Comments: "British team takes first step to cloning human embryos"

Irving News Comments
Copyright October 20, 2004
Reproduced with Permission

Note:

1. Any kind of "nuclear transplantation" using any kind of human cell is human cloning -- regardless of the "purposes".

2. Using "eggs" (oocytes) -- germ line cells -- as the source of the nucleus is performing germ line cloning for eugenic purposes.

3. In any "nuclear transplantation", the "stem cells" ultimately derived from the human embryos cloned would cause rejection reactions in the patients because of the presence of foreign mitochondrial DNA from the enucleated egg.

4. To use somatic or germ line cells from patients with genetic diseases for nuclear transplantation is to purposefully clone genetically disabled human beings, who will be allowed to develop to the blastocyst stage and then killed to "study" the genetics involved.

5. Using oocytes of "awful quality" hardly engenders confidence in the use of any stem cells derived from the cloned human beings.

6. Great Britain still hangs on desperately to their "pre-embryo" myth in its legislation on both cloning and stem cell research. But there is no such thing as a "pre-embryo", and one wonders how much longer they can get away with this scientific fraud. Further, if they are "informing" the women at IVF infertility clinics who are donating their "eggs" that (a) "nuclear transplantation" is not cloning but just "stem cell research", or that (b) the immediate and subsequent products of "nuclear transplantation" are just "pre-embryos" (or if they define an "embryo" as "just a ball of cells" rather than as a living human organism), then these women at IVF infertility clinics are precluded from giving legally or ethically valid informed consent.

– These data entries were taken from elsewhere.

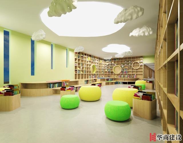 這里是孩子的閱讀室,這里有很多的書籍,孩子們可以盡情的翻閱,天花板上還設置了幾朵白云,整體的設置也是很隨意,不會讓孩子們感受到讀書帶來壓迫感。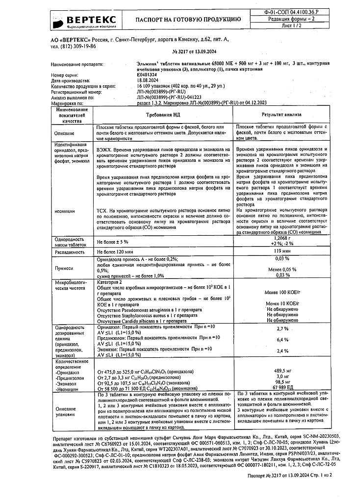Действующее вещество: Неомицин, Орнидазол, Преднизолон, Эконазол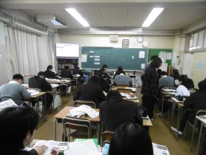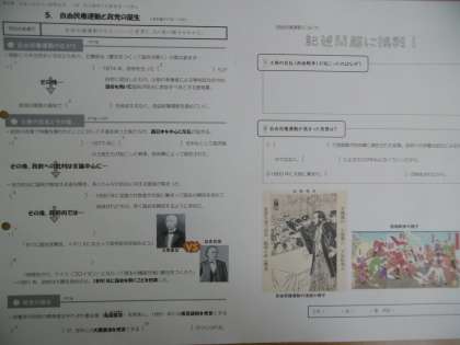 授業のめあては「自由民権運動が広まっていった背景とその後の様子が分かる」でした。今日もとても丁寧に、分かりやすく作られた授業用プリントが大活躍でした。社会科を得意とする生徒(ミニティーチャー)がそのプリントを使って、クラスメイトに教えている場面を見ることができました。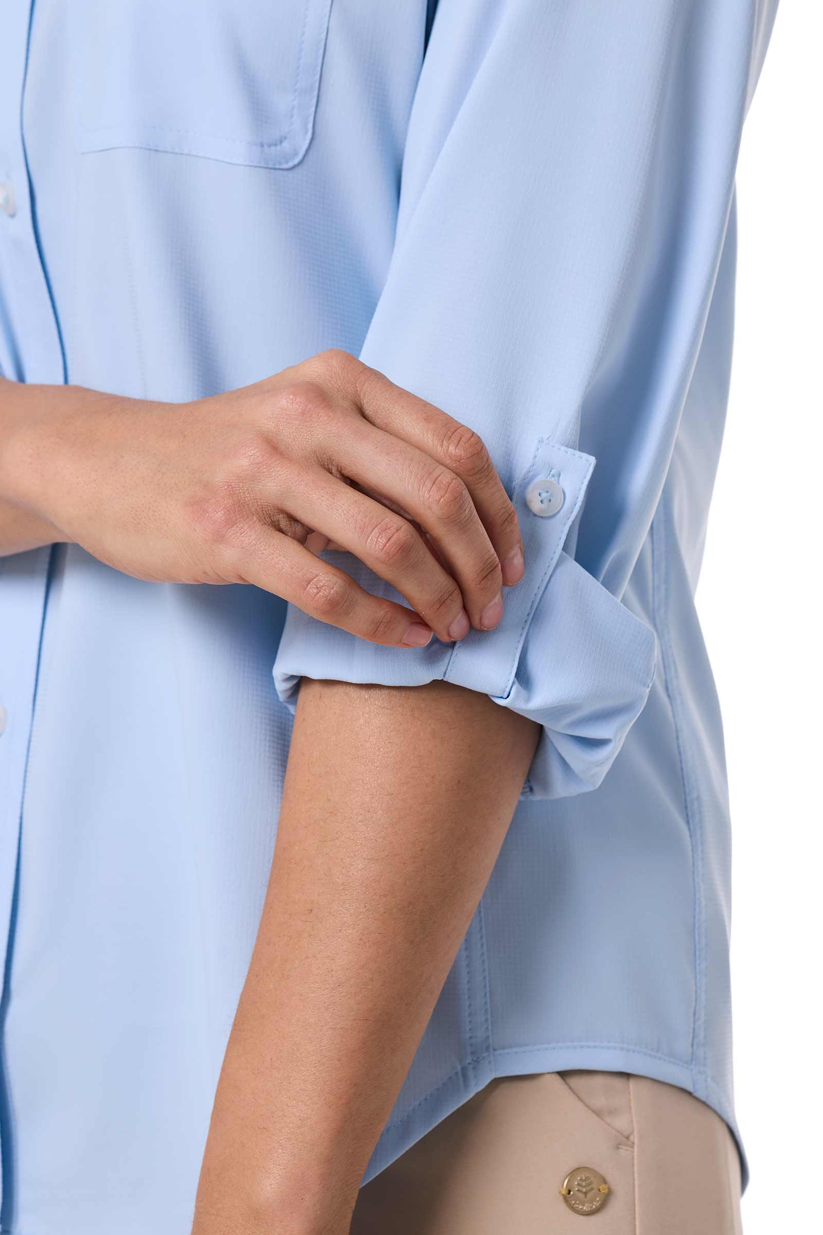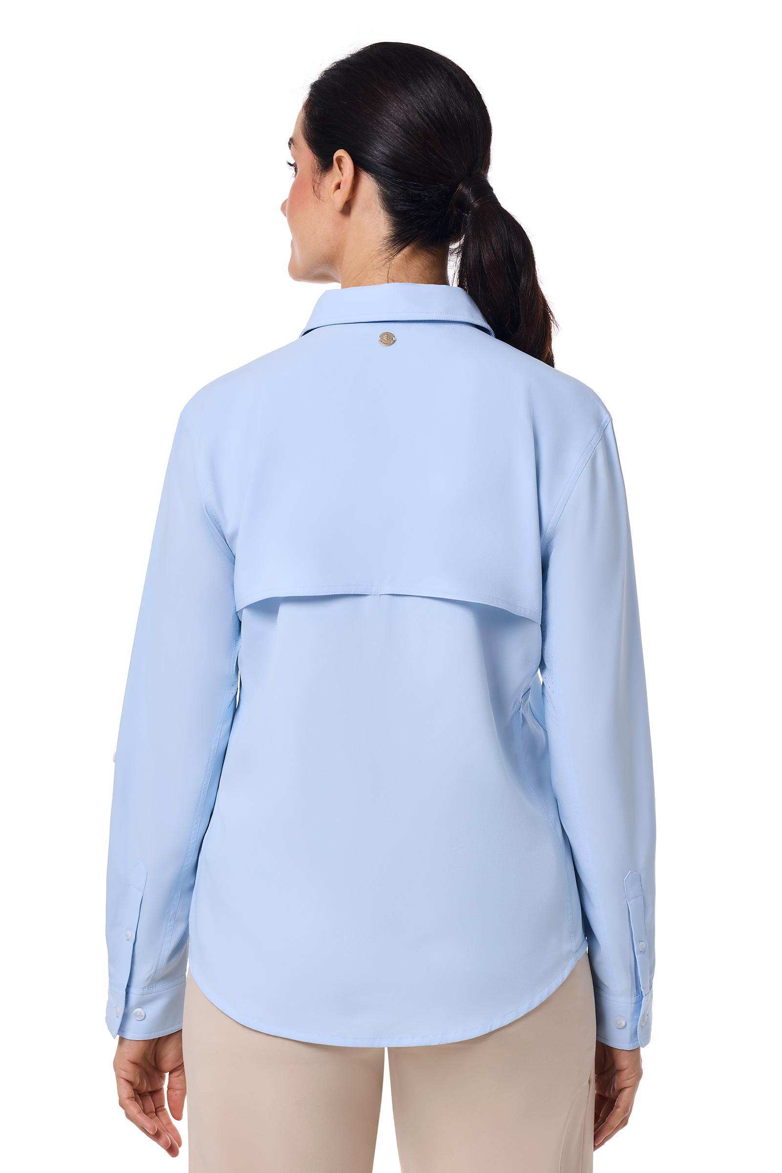 The Mylitta Travel Shirt is the ultimate lightweight travel shirt, designed for comfort, breathability, and sun protection on the go. It features two front pockets, roll-up sleeves, and strategically placed vents that enhance airflow through the shoulders and underarms. Whether you're navigating airports, heading out on a road trip, catching a train, exploring a new trail, or just hanging out on a cruise deck, this sun shirt keeps you cool, covered, and ready for whatever the day throws your way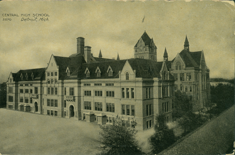Four and a half-story brick school, with central clock tower and symmetrical gabled wings on both sides. Viewed at an angle across intersection, past trees. U.S. flag flying from central clock tower. Printed on front: "Central High School, Detroit, Mich."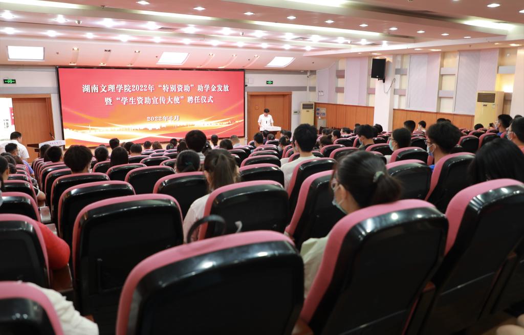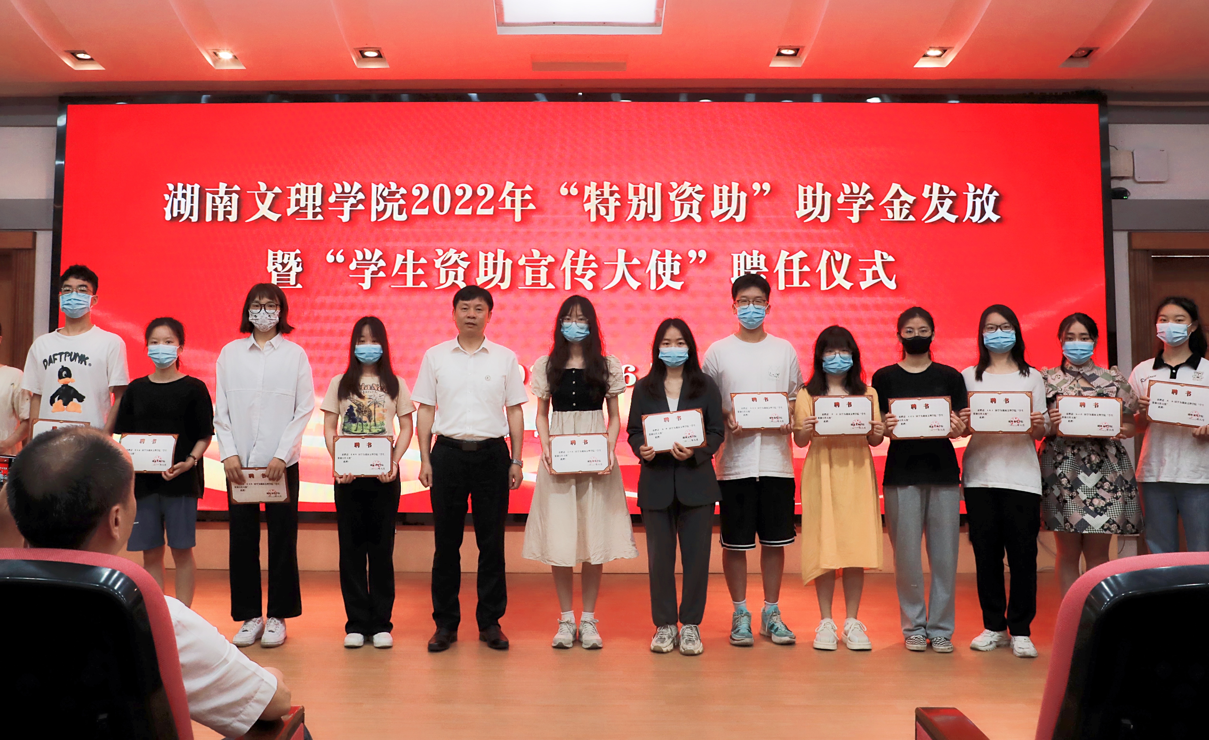 6月24日,湖南文理学院2022年“特别资助”助学金发放暨“学生资助宣传大使”聘任仪式在图书馆举行。学校领导现场宣布在每年日常资助学子2000余万元的基础上,再发放50万元“特别资助”助学金帮助76名家庭经济困难学生完成大学学业。
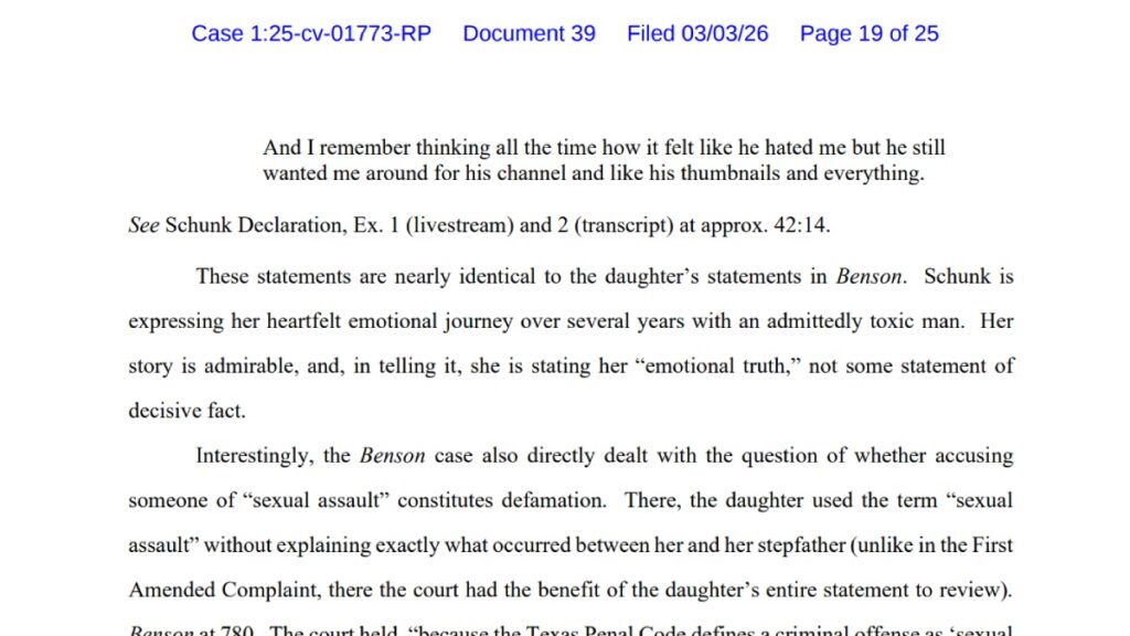 The brief cites Texas case law holding that context matters: even a statement that could be fact‑checked can be treated as opinion when made in a clearly subjective, narrative setting. To drive the point home, Emiru’s team points to a Texas Court of Appeals decision where a daughter’s TikTok labeling her stepfather a sexual abuser was treated as an emotionally charged personal account in context, not defamation, despite the gravity of the accusation.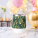 Seamless pattern of gold, jewelry, shiny fern branches and leaves on green, woodland, textured background. Golden fern.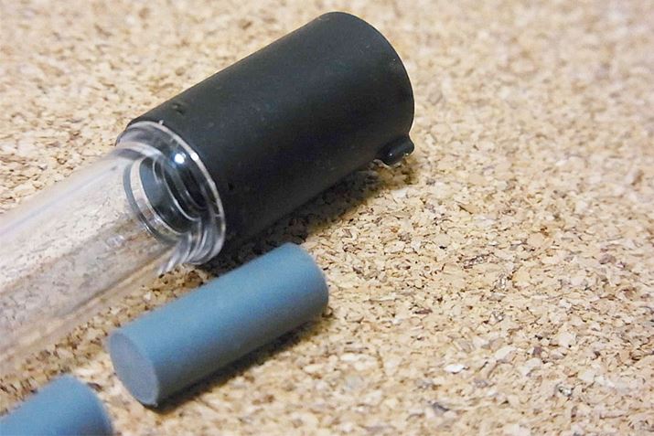 替消しゴムのケースのキャップ部分に小さな突起を発見! 実は円形のケースが転がってどこかにいかないようにするためのストッパー。小さなところまで配慮する、さすがに日本のメーカーですね♪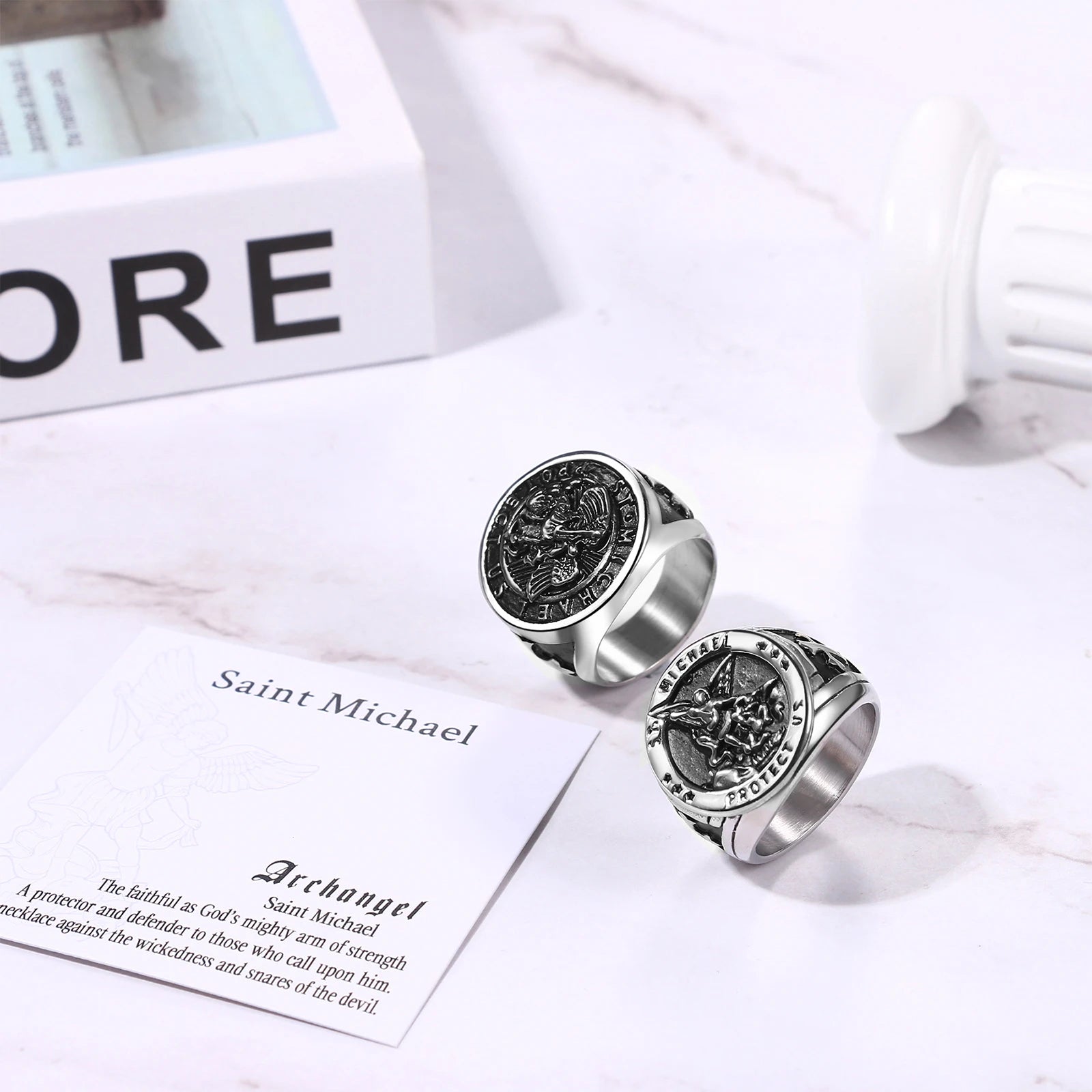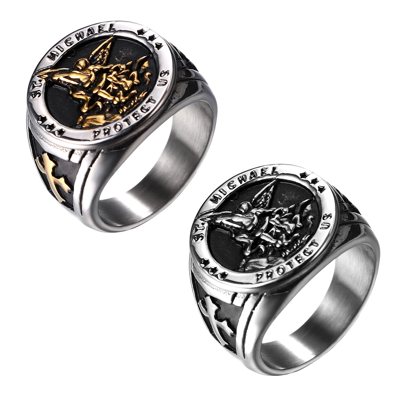 BONISKISS Men's St. Michael Ring Religious Seal Stainless Steel Ring Amulet Jewelry Gift Vintage Golden Sliver Male Fashionable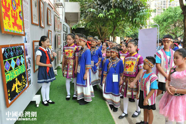 廣西民族師范學院附屬小學的紅領巾講解員給臺灣花蓮太平小學學生介紹壯族傳統藝術品——壯錦。(圖片來源:廣西臺辦)

7. Hopefully Great Britain has clearly and unambiguously assured any patients receiving any such "stem cells" that they will have competent and free follow-up medical care should they experience any physical or psychological harm (or death) because of the injection of such "stem cells" for their "therapies".


http://news.telegraph.co.uk/news/main.jhtml?xml=/news/2004/10/20/nclon20.xml
By Roger Highfield, Science Editor
(Filed: 20/10/2004)

British team takes first step to cloning human embryos

British scientists have begun an attempt to create Europe's first cloned human embryos.

As the United Nations discusses a ban on all such research today - one that the UK would never sign and ratify even if it was agreed - a team in Newcastle upon Tyne has conducted experiments that mark the start of its human cloning effort.

The work, which is bitterly opposed by pro-life groups, will place the UK at the forefront of research to create a new generation of medical treatments using cloning to grow a potentially unlimited supply of a patient's own "stem cells" to treat a vast range of diseases, from Alzheimer's to Parkinson's.

The Newcastle team - Prof Alison Murdoch and Dr Miodrag Stojkovic - is based at the Centre for Life.

In August, they were given permission by the Human Fertilisation and Embryology Authority to study how to clone microscopic human embryos and use them as a source of stem cells, which can turn into any of the 200 types in the body.

Yesterday Dr Stojkovic said that he had begun to use spare eggs, left over from IVF treatments.

"I have done the first manipulation with human eggs," he said.

However, the eggs were not in a suitable state - with all the DNA in an easy-to-remove lump - for nuclear transfer, the cloning process. Prof Murdoch admitted that, although her team at the Newcastle NHS Fertility Centre has access to as many as 2,000 human eggs each year, they had a "huge mountain to climb" to use these eggs, which are a day or two old. "The quality is pretty awful."

But Dr Stojkovic said he was still confident that the first nuclear transfer - the actual process of cloning - will take place this year.

Prof Murdoch said she had also been reassured by the Government that the work could continue, no matter what the UN decides this week.

The overall aim of the original cloning application submitted in February - to develop a treatment for diabetes - was questioned by an HFEA committee and the team was given permission only to clone normal cells.

Now the authority is considering allowing the Newcastle team to clone cells taken from a person with Type 1 diabetes to increase understanding of the disease and to replace the use of animals in testing drugs. A decision is expected in a few weeks.

When the cloning licence was granted to Newcastle in August, Josephine Quintavalle of the pro-life group Comment on Reproductive Ethics (Core), questioned whether it was proper for the head of a fertility unit that would provide eggs for cloning - Prof Murdoch - also to submit the application to use them in cloning.

In response to this concern over what she called a theoretical conflict of interest, Prof Murdoch said she now no longer held the HFEA licence for the unit, which had passed to Dr Jane Stewart, though she remained head of the department.

The Newcastle Human Embryonic Stem Cell Group has launched a funding appeal to raise around £10 million to accelerate its research.